Часто исследователи подчеркивали курьезную черту миллионера - скупость, мелочную расчетливость в вопросе собственных нужд (старый тулуп, халат и др. ). Но эта черта способна эпатировать лишь вчерашнюю гімназистку Соню и несколько ее мать (приличие нарушена, уважение может быть потеряна). Феноген же с восторгом говорит Маюфесу: «Халат миллионера!.. Видите, как богатеют. Еще вот такой есть кожух, аж тарахтит! Нового покупать не хочет, а от этого халата и от кожуха, поверьте, воняет!.. Вон как люди богатеют, учитесь!» [С, 283]. Тот же Феноген рассказывает о «оказию», когда через кожух швейцар не пускал Терентия Гавриловича в земский банк, на что Маюфес резонно и с почтением замечает: «Ну, не пускал, а как узнал, сразу пустил... Терентия Гавриловича и в рогожи узнают!» [2, 284].

И лишь тогда, как «мужицкий» одежда стала восприниматься как некая экстравагантность, Пузырь дает согласие пошить шубу или купить новый халат... Его размышления об изменении своего положения и необходимость соблюдения в связи с этим определенных условностей подаются в характер-ном монологе с седьмой явы второго действия:

«Пузырь. (сам) ... Первое шел за барышами вслепую, штурмом крошил направо и налево, плевал на все и знать не хотел человеческой молвы, а теперь такой пустяк тревожит! Снова, дочь только сказала, что над ней смеялись в гимназии, и меня аж в сердце кольнуло. Люди знают обо мне больше, чем я думал... Натурально: то со степи не вылезал, а теперь начал в люди выходит, и надо оглядываться - что люди скажут. И без людей плохо, и с людьми плохо... нельзя иначе (потрогал орден), кавалер!..» [2, 307].

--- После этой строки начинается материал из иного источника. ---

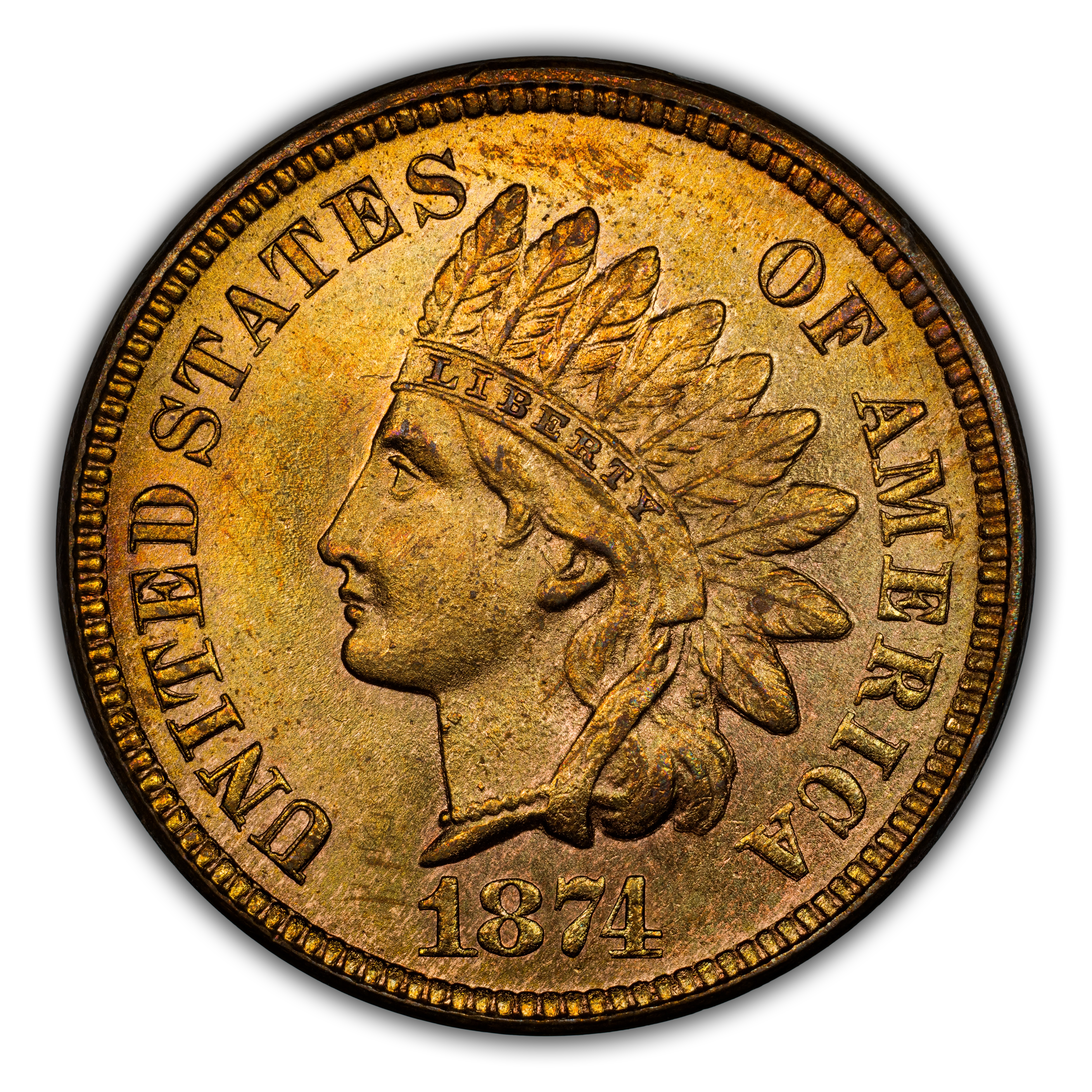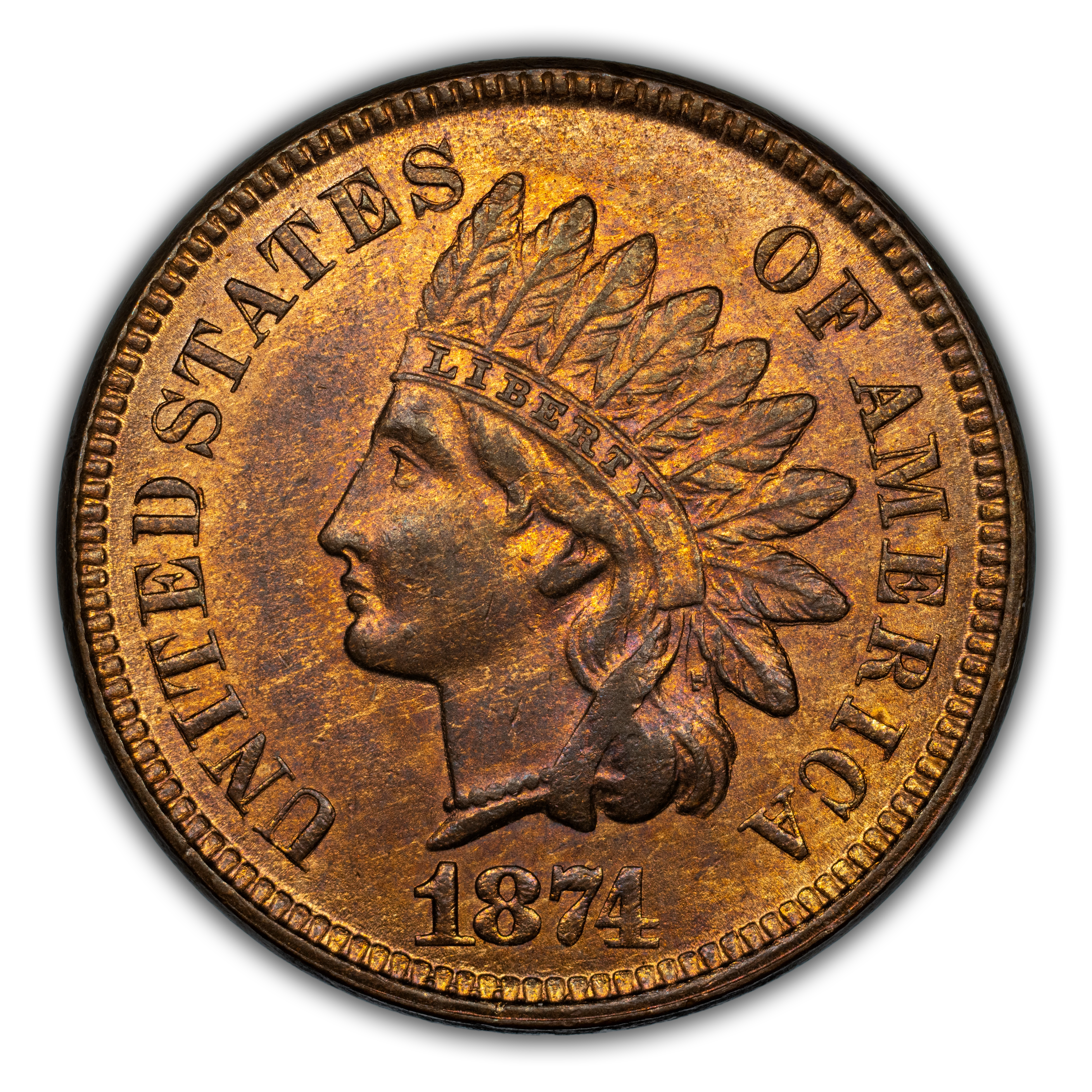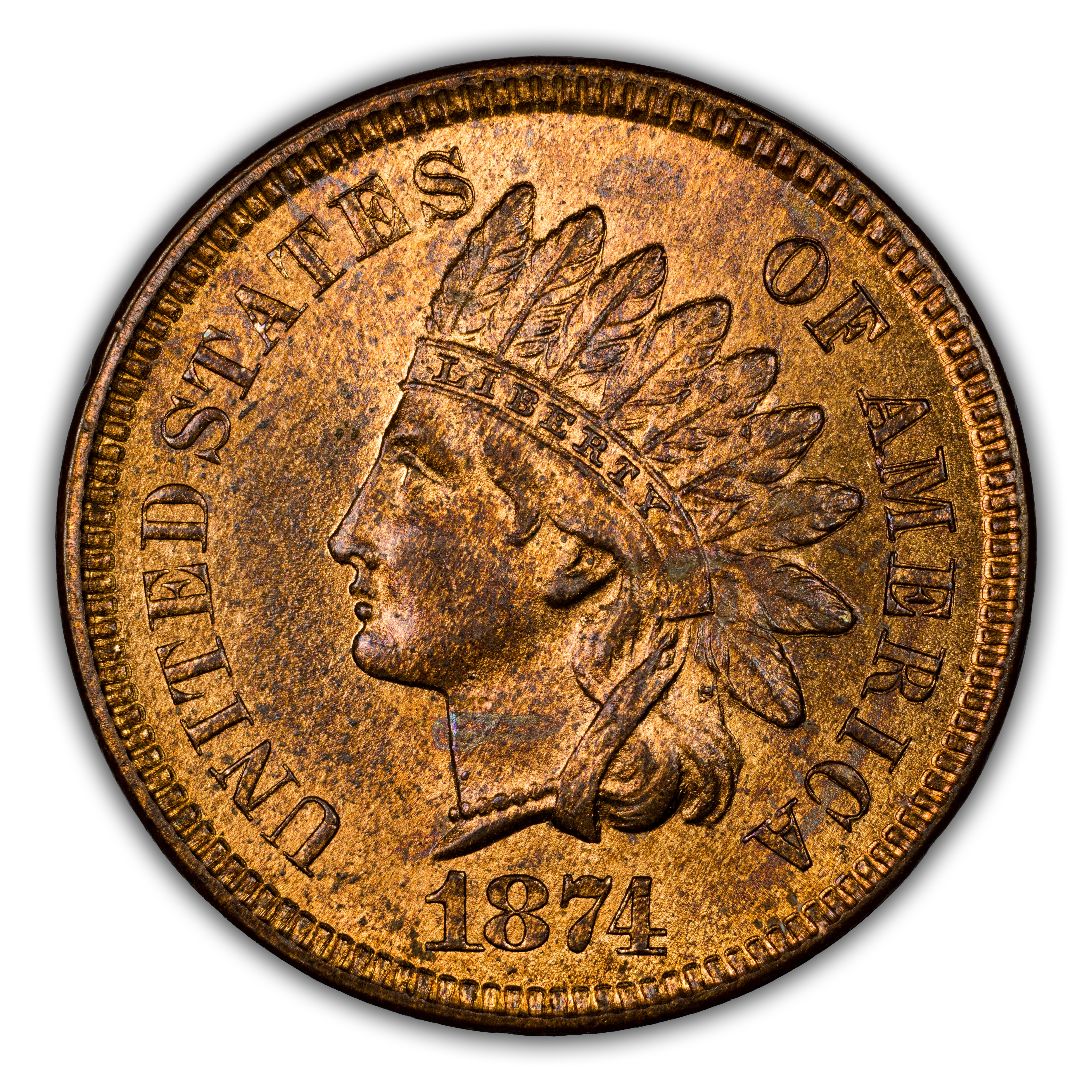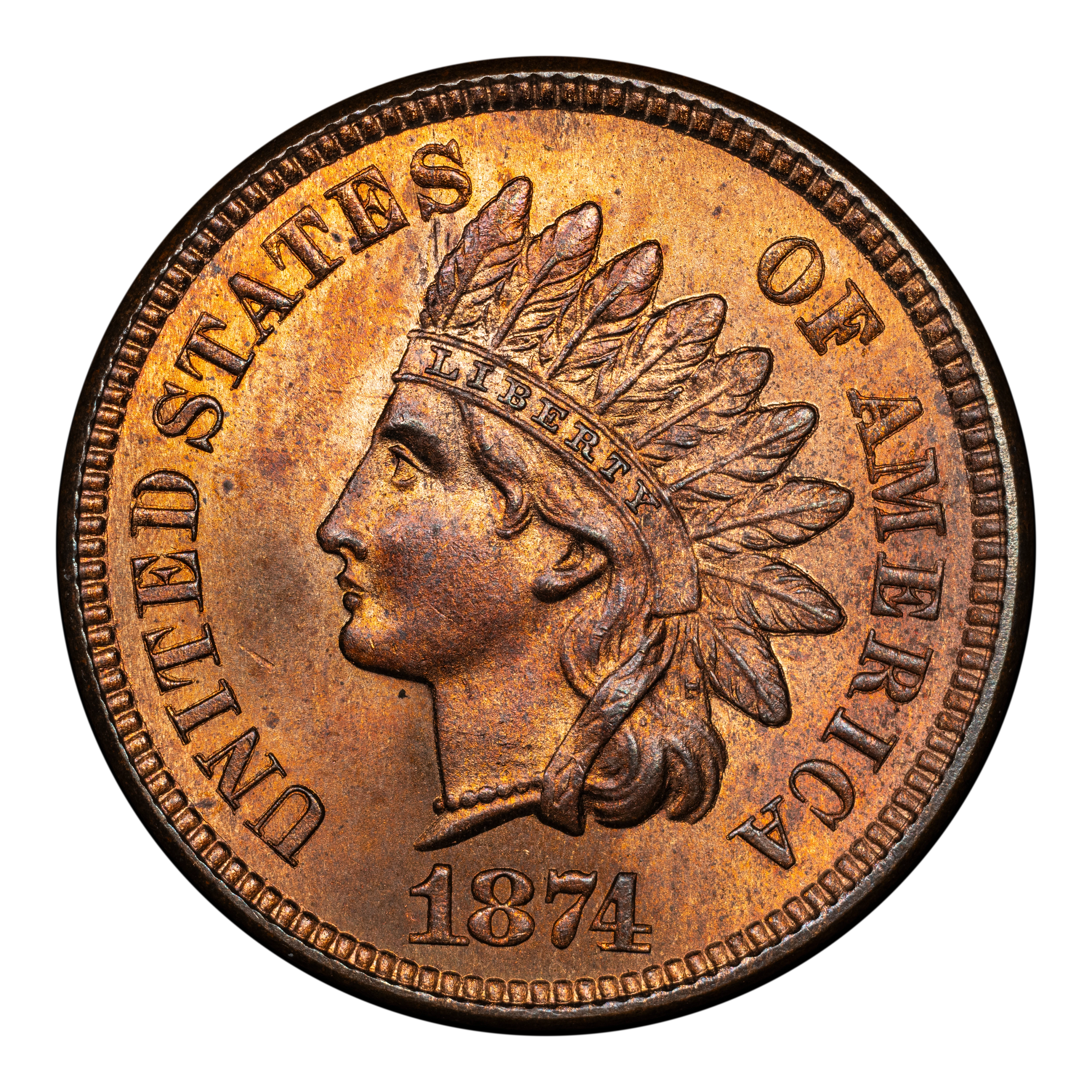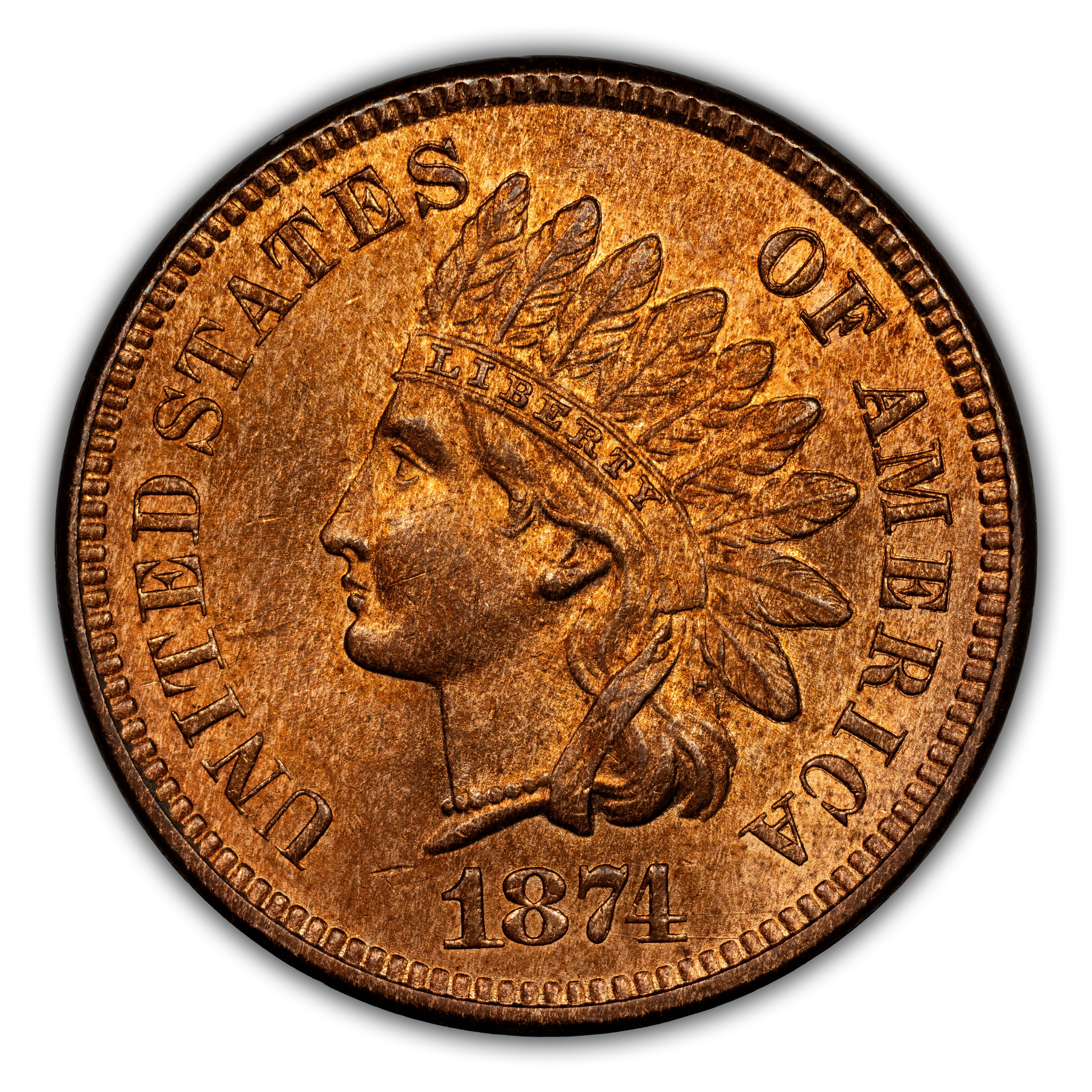 A near semi-key date in the Indian Cent Series in which very few have been saved, explains the scarcity of the 1874. Most of the surviving examples are known in circulated grades. Scarce in Mint State as the value gradually increases with more red color. High-end red gems are extremely rare.

Нам становится понятной моральная обусловленность изменений в поведении персонажа, как было понятным и нежелание что-то менять в своих привычках (ощущение собственной силы и значимости, того, что и «в рогожи все узнают»). И в этом умении оценить обстановку, осмыслить свое новое состояние, трезво взвесить требования жизни относительно себя («начал в люди выходить») тоже проявляется сила и гибкость Пузыря. Эту огромную силу новейшего хозяина - агрария хорошо видела критика 30-х годов, и ее «потеряла» за комедийными, «компрометирующим», понижающими моментами критика 50-х гг. А таких моментов в комедии много. Очень уж хотелось И. Карпенко-Карем посмеяться, поиздеваться с миллионера (тем более, что реалии жизни давали для этого все основания) - и он смеялся, пытаясь смехом исправить человеческие пороки, невольно ослабляя саму суть образа. «Даже самые яркие бытовые комедии И. Тобилевича, - писал Я. Мамонтов, - насквозь пропитаны моральным отношением к персонажам, а не диалектическим пониманием их. И. Тобилевич не видел, что его Мошонки и Пузыри

были не только черствыми, некультурными хищниками - эксплуататорами, но и передовыми (на то время) хозяевами; что Харитокенки и Терещенко образовывали большое капиталистическое производство в сельском хозяйстве; что в диалектическом понимании это была положительная сила, экономичный двигатель того времени, когда "Украина ликвидировала пережитки феодализма и переходила к капитализму; что дело не в характере этих персонажей, а в самом «хозяйском колесе», в его закономерной, неизбежном историческом ходе» [Цитируемое сочинение Я. Мамонтова. - С. 200]. И все же, несмотря на критически-пренебрежительное отношение автора к своим персонажам - хозяев, он, как настоящий реалист, во множестве моментов показал эту силу, хотя, возможно, и не раскрыл до конца ее значение.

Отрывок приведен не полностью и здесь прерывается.